START Dataset content

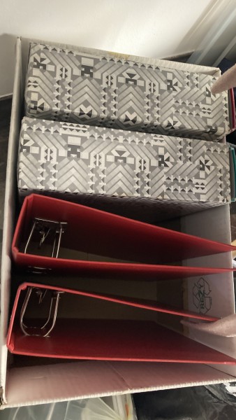 4 široki fascikli za A4 format, dva plastična rdeča, dva kartonska s škatlo, zelen in roza.
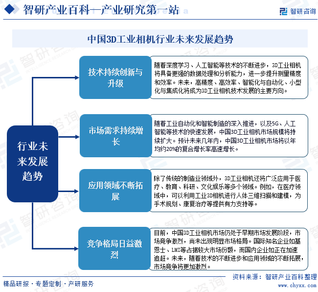 中国3D工业相机行业未来将呈现多重积极发展趋势。技术层面,深度感知、结构光、双目视觉等先进技术将更广泛应用,推动产品向更高精度、智能化与自动化方向升级;市场层面,受益于智能制造、数字化转型及自动化需求激增,市场规模将持续扩大,且国产化进程加速,国产品牌主导地位将进一步巩固;竞争层面,行业虽仍处于早期发展阶段、竞争激烈,但随着技术突破与市场需求增长,未来将形成更稳定的竞争格局,头部企业将凭借技术优势和品牌影响力占据更大市场份额,同时企业也将通过多元化发展提升竞争力。
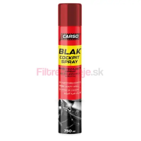 CARSO BLACK COCKPIT SPRAY je pripravený sprej na čistenie a oživenie vnútorných plastových, vinylových a gumových povrchov vozidla. Rýchlo odstraňuje prach, mierne nečistoty a zvyšky mastnoty a zároveň dodáva povrchom hlboký čierny lesk bez lepkavého zvyšku.
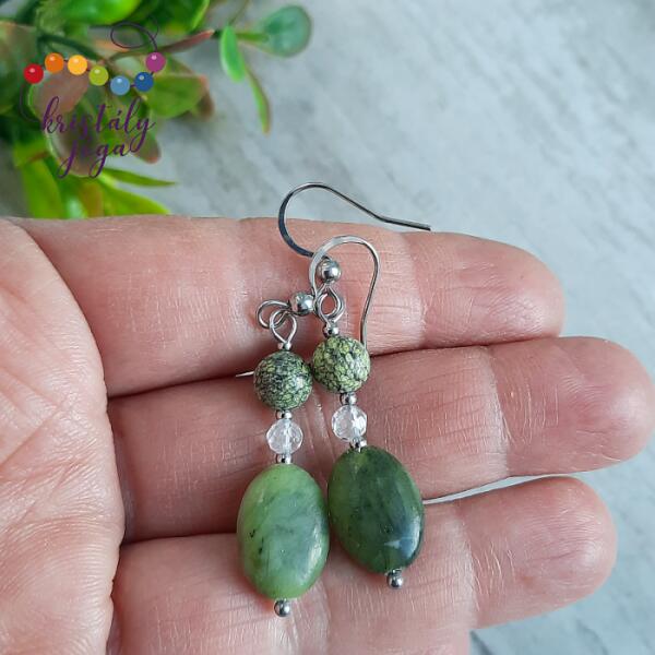 Ez a csodálatosan szép világoskék és fehér hegyikristály fülbevaló nemesacél akasztóval készült, tartós és időtálló darab. Azonban a hegyikristály és strasszos dísz miatt fürdésre nem ajánlott a viselése. A strasszos díszek arany-fehér csillogással szikráznak a napsütésben, a fehér és világoskék kristály ásványgyöngyök pedig roppantott eljárással készült
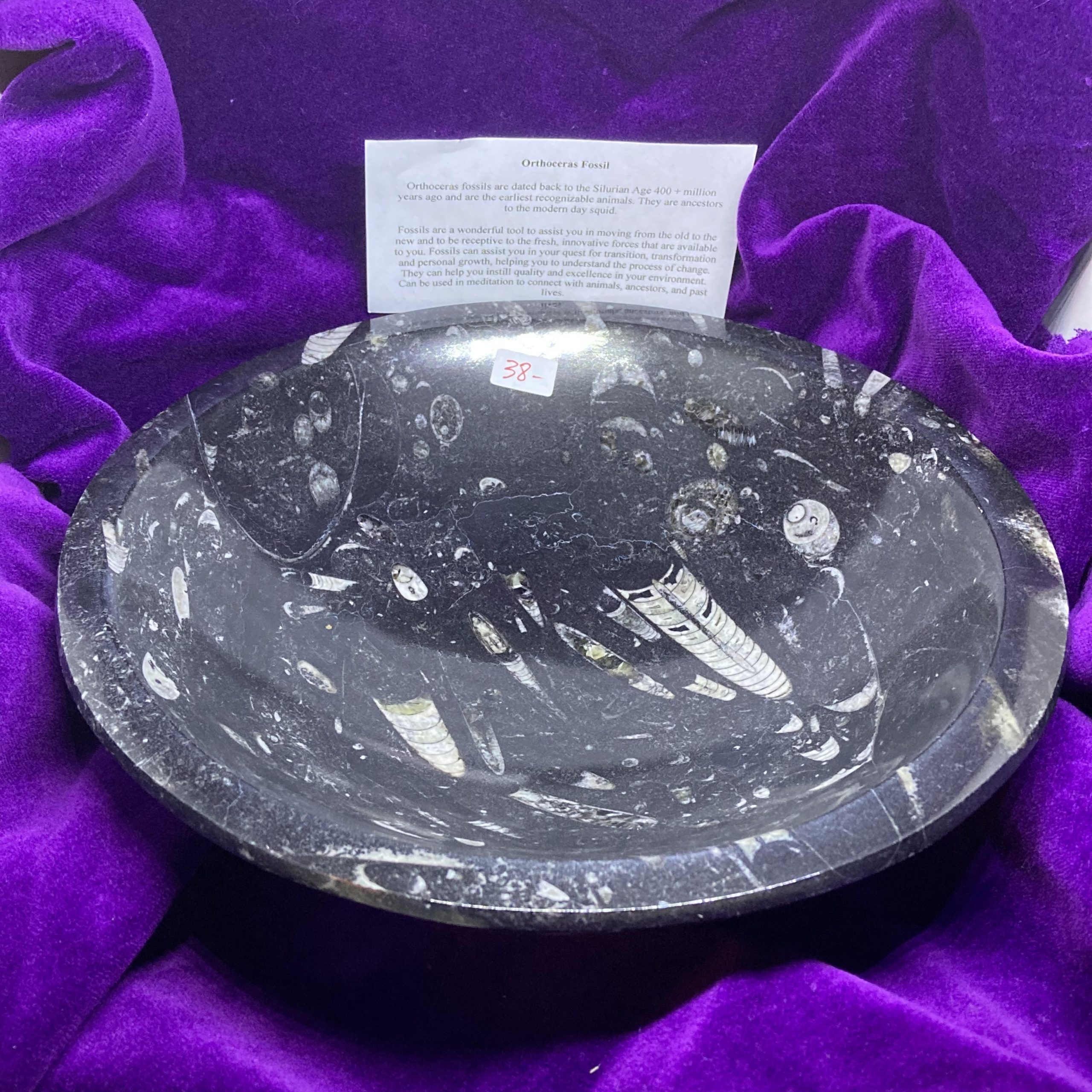 No two are alike in design but they are all beautiful! The bowls are approx. 8″ in diameter and 2″ deep. These fossils date back 400+ million years and are the ancestors of the modern day squid. They weigh approx. .8 KG
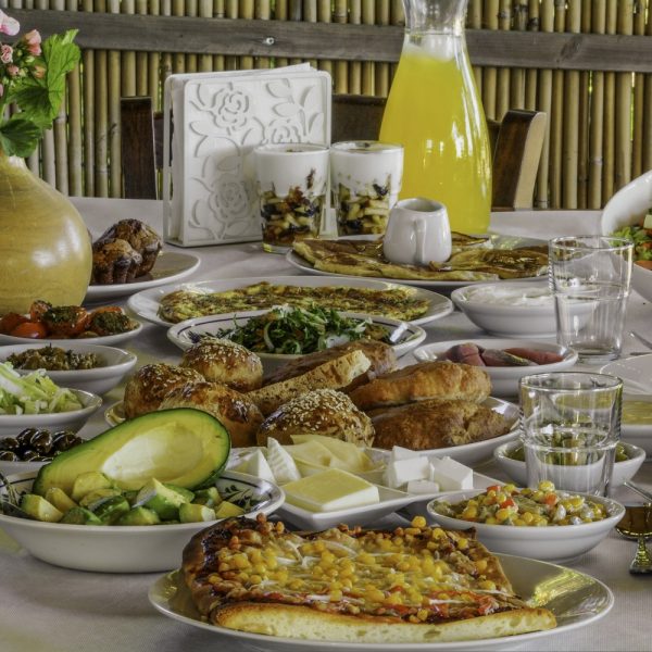 לשולחן מוגשים למעלה מחמישה סוגי סלטים, ריבות , זיתים, טחינה, לאבנה, מוזלי, לחמניות, פיתות, לחמים, פנקייקס, פיצה, ופל בלגי כולם תוצרת בית ונטולי גלוטן.
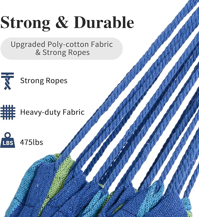 - Upgraded Fabric: Our Brazilian Camping hammock is made of eco-friendly thicker version poly-cotton fabric (no lint, no odor, not pilling, not fading, skin-friendly, and breathable), stronger and much more durable than ordinary fabric hammocks. A comfortable cocoon style hammock can keep you safe while enjoying the peaceful leisure time
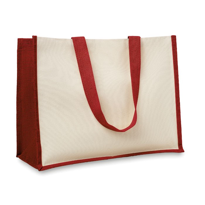 Jute shopping bag laminated with front in canvas and cotton webbing. Long handles.

END Dataset content

§ Assigned task:
Once the pictures are set aside, what is needed is the lines from the line with "CARSO BLACK COCKPIT" through the end of the data, written out exactly and alone.

§ Solution to this exercise:
 CARSO BLACK COCKPIT SPRAY je pripravený sprej na čistenie a oživenie vnútorných plastových, vinylových a gumových povrchov vozidla. Rýchlo odstraňuje prach, mierne nečistoty a zvyšky mastnoty a zároveň dodáva povrchom hlboký čierny lesk bez lepkavého zvyšku.
 Ez a csodálatosan szép világoskék és fehér hegyikristály fülbevaló nemesacél akasztóval készült, tartós és időtálló darab. Azonban a hegyikristály és strasszos dísz miatt fürdésre nem ajánlott a viselése. A strasszos díszek arany-fehér csillogással szikráznak a napsütésben, a fehér és világoskék kristály ásványgyöngyök pedig roppantott eljárással készült
 No two are alike in design but they are all beautiful! The bowls are approx. 8″ in diameter and 2″ deep. These fossils date back 400+ million years and are the ancestors of the modern day squid. They weigh approx. .8 KG
 לשולחן מוגשים למעלה מחמישה סוגי סלטים, ריבות , זיתים, טחינה, לאבנה, מוזלי, לחמניות, פיתות, לחמים, פנקייקס, פיצה, ופל בלגי כולם תוצרת בית ונטולי גלוטן.
 - Upgraded Fabric: Our Brazilian Camping hammock is made of eco-friendly thicker version poly-cotton fabric (no lint, no odor, not pilling, not fading, skin-friendly, and breathable), stronger and much more durable than ordinary fabric hammocks. A comfortable cocoon style hammock can keep you safe while enjoying the peaceful leisure time
 Jute shopping bag laminated with front in canvas and cotton webbing. Long handles.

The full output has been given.